To calculate $\frac{dP}{dQ}$ for the function

$P = 64Q - (200Q - 767)^{1.56} \cdot 100$

we need to differentiate $P$ with respect to $Q$ and then evaluate it at $Q = 15$.

1. Differentiate $P$:

Using the chain rule and product rule, we find:

$\frac{dP}{dQ} = 64 - 100 \cdot 1.56 \cdot (200Q - 767)^{0.56} \cdot \frac{d}{dQ}(200Q - 767)$

$\frac{d}{dQ}(200Q - 767) = 200$

Thus,

$\frac{dP}{dQ} = 64 - 100 \cdot 1.56 \cdot (200Q - 767)^{0.56} \cdot 200$

2. Evaluate at $Q = 15$:

First, calculate $200Q - 767$ at $Q = 15$:

$200(15) - 767 = 3000 - 767 = 2233$

Now substitute $Q = 15$ into the derivative:

$\frac{dP}{dQ} = 64 - 100 \cdot 1.56 \cdot (2233)^{0.56} \cdot 200$

Calculating $(2233)^{0.56}$:

$(2233)^{0.56} \approx 16.57 \quad (\text{using a calculator})$

Now substitute this value back:

$\frac{dP}{dQ} = 64 - 100 \cdot 1.56 \cdot 16.57 \cdot 200$

Calculating the multiplication:

$100 \cdot 1.56 \cdot 16.57 \cdot 200 \approx 516800$

So,

$\frac{dP}{dQ} = 64 - 516800$

Calculating this:

$\frac{dP}{dQ} \approx -516736$

3. Final Rounded Answer:

Thus, the value of $\frac{dP}{dQ}$ when $Q = 15$ is approximately:

$\frac{dP}{dQ} \approx -516736.00$

Summary

The value of $\frac{dP}{dQ}$ at $Q = 15$ is $-516736.00$.

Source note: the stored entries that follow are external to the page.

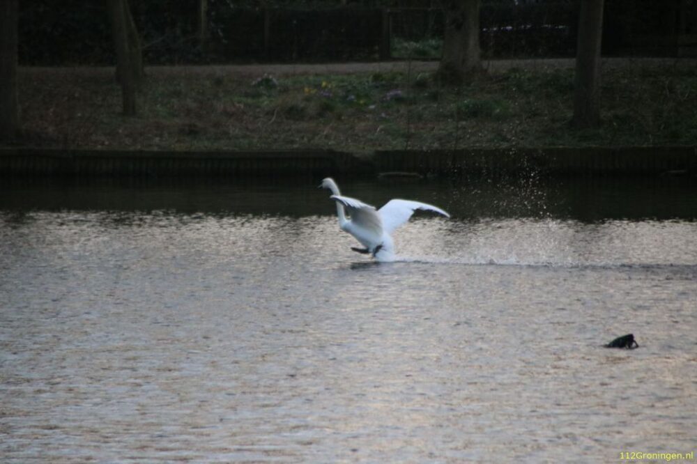 Zwaan met visdraad om poot en vleugels is hulpverleners te snel af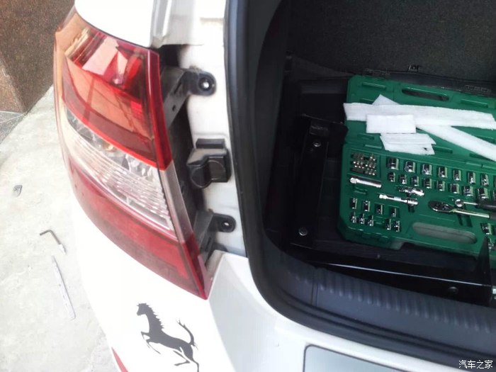 然后是尾杠下面的黑色护板,三个螺丝下掉,螺丝是安在塑料扣上的,下掉后把三个塑料扣也扯下来。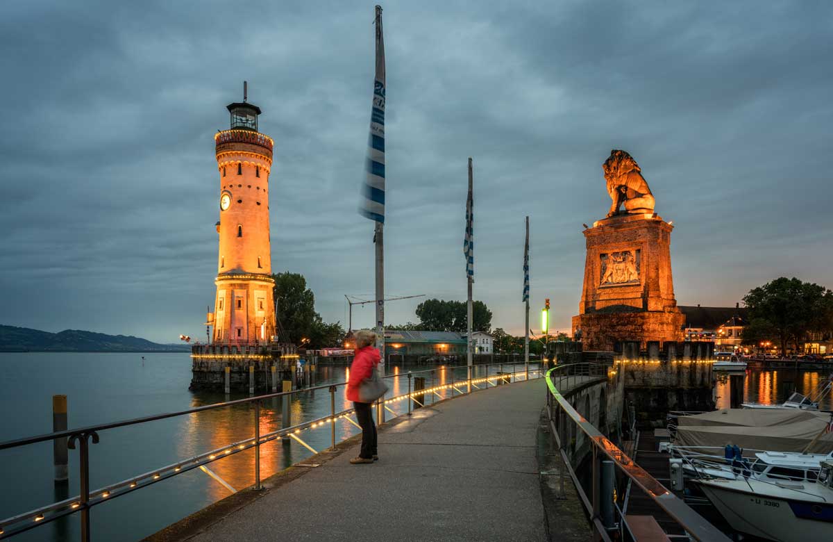 Lindau begeistert mit seiner einmaligen Lage mitten im Urlaubsparadies Bodensee: Die Altstadt liegt auf einer knapp 70 ha großen Insel und versprüht historisches Flair mit ihren jahrhundertealten Gebäuden, lebhaften Plätzen und malerischen Gassen. Bekannt ist die Stadt zudem für ihre Hafeneinfahrt mit bayerischem Löwen und weißem Leuchtturm sowie ihre Uferpromenade, die zu den schönsten am Bodensee zählt. Zahlreiche Cafés laden hier zum Verweilen ein und bieten herrliche Blicke auf das maritime Treiben im Hafen sowie das beeindruckende Alpen- und Bodenseepanorama. Wer ein Plätzchen zum Entspannen sucht, der ist auf dem Festland richtig: hier locken attraktive, geschichtsträchtige Parkanlagen wie der Lindenhofpark zum Spazierengehen.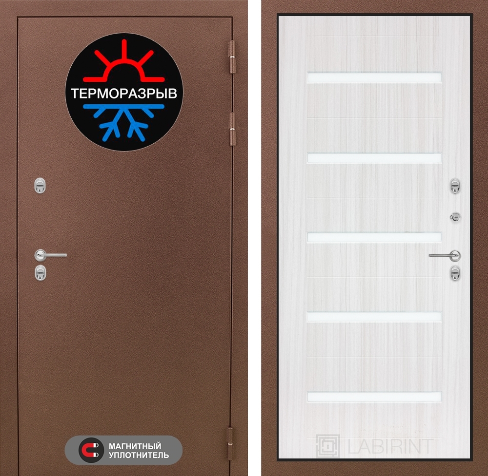 Входная стальная дверь Лабиринт Термо Магнит 01 - Сандал белый, стекло белое

Would you like to go over any details or have any questions? Here are some related questions for further exploration:

1. What are the implications of the derivative value in terms of the function's behavior?
2. How would the derivative change if the exponent were different?
3. Can you explain the significance of the chain rule in this context?
4. What happens to the derivative if $Q$ approaches a different value?
5. How would you interpret this derivative in a real-world scenario?

Tip: When dealing with derivatives, always ensure to apply the correct differentiation rules to avoid errors in calculation.